Environmental Impact Assessment of the Copper Bullet

The recommended use of copper (Cu) projectile bullets for both military training and civilian shooting sports is increasing as the interest of our nation focuses on less hazardous technologies without compromised performance. In recent years, the Pb-free, M855A1 Cu round was approved by the Army for fielding with plans to replace the M855. In an effort to determine the environmental impact of Cu bullet fragments in geographically diverse shooting range soils, the behavior of spent copper (Cu) projectiles in multiple soils was investigated under controlled laboratory conditions of varied temperature and humidity combinations. Copper projectiles fired into sand filled lysimeter cells were retrieved for use in a corrosion study. The recovered projectiles were evaluated in four soils with different physicochemical properties. Soils used were characterized as sandy, organic clay, sandy silt, and clay. Corrosion was observed on Cu projectiles collected from sandy, organic clay, and clay soils while no corrosion of the metal occurred in the sandy silt soil. The extent to which corrosion occurred was determined using Scanning Electron Microscopy (SEM). Results from this study suggest that factors contributing to corrosion of projectiles embedded in soils included oxygen, moisture, and organic matter.

Speaker's Bio

Dr.
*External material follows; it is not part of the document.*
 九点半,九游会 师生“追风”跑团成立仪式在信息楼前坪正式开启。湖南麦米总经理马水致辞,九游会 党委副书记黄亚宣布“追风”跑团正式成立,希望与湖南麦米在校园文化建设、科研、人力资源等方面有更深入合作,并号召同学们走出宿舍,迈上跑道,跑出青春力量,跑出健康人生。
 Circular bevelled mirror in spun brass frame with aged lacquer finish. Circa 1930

Afrachanna D. Butler

Dr. Afrachanna D. Butler has been employed by the Environmental Laboratory, United States Army Engineer Research and Development Center (ERDC), Vicksburg, MS, since 2001. She began her career on a temporary appointment as a contract student and progressed to a full-time position in 2007 as a Research Physical Scientist, widely regarded for her research and educational accomplishments, and her service as a role model for others, particularly scientific peers in her profession.
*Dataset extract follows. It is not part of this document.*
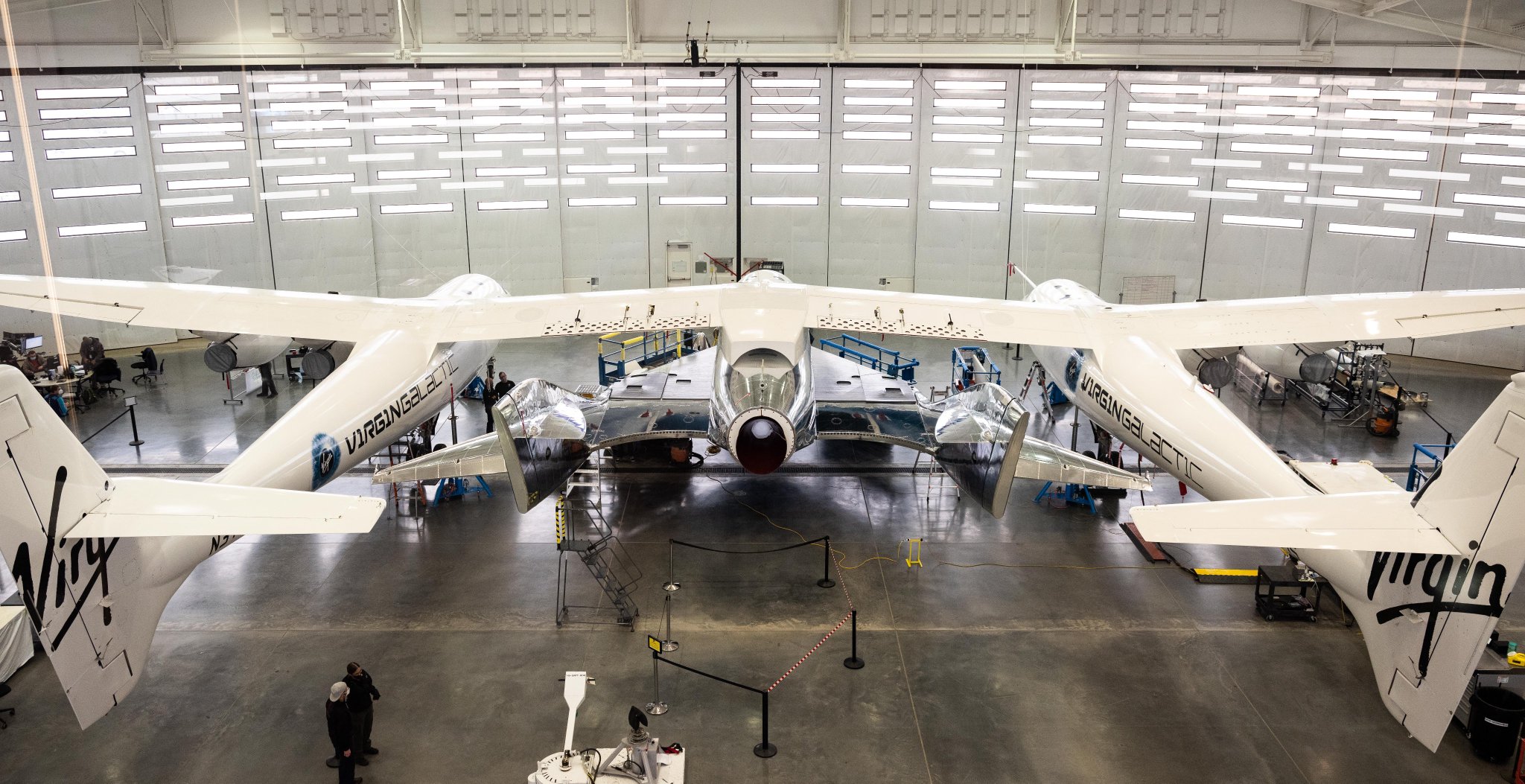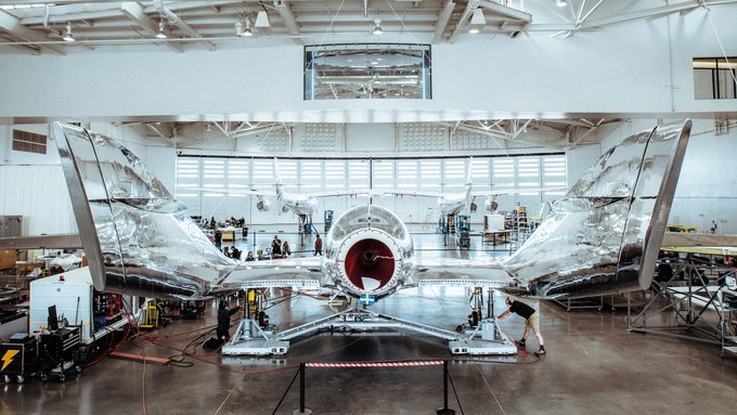Auf Twitter gibt es auch ein schönes Bild von den zwei SS2-Raumschiffen (links das schon fliegende VSS Unity und rechts das in Bau befindliche neue Raumschiff):

Dr. Butler is currently working for the "Green Team" in the Engineering Branch of the Environmental Laboratory. Her research areas include the fate and transport of heavy metals (e.g., lead), the use of plants for metal and energetic (e.g., RDX and TNT) munitions constituents stabilization in military range soils, elucidation of key mechanistic processes affecting metal dissolution, and the use of plants for demonstrating sustainable remediation/management of heavy metal and energetic contaminated soils, sediments, and surface and ground waters.

Dr. Butler is currently serving as Principal Investigator for projects that are improving the Army's ability to meet increasingly challenging environmental requirements. One project, which is under the umbrella of the ERDC's Environmental Quality and Installations (EQI) program, involves investigating the role that plant root exudates play in increasing lead mobility in soils. In another project, funded by the Army Environmental Quality Technology's Green Range Management Initiative, she is developing a cost-effective treatment system using adsorptive sediment barriers to manage the migration of munitions constituents in surface water runoff, particularly an explosive (RDX).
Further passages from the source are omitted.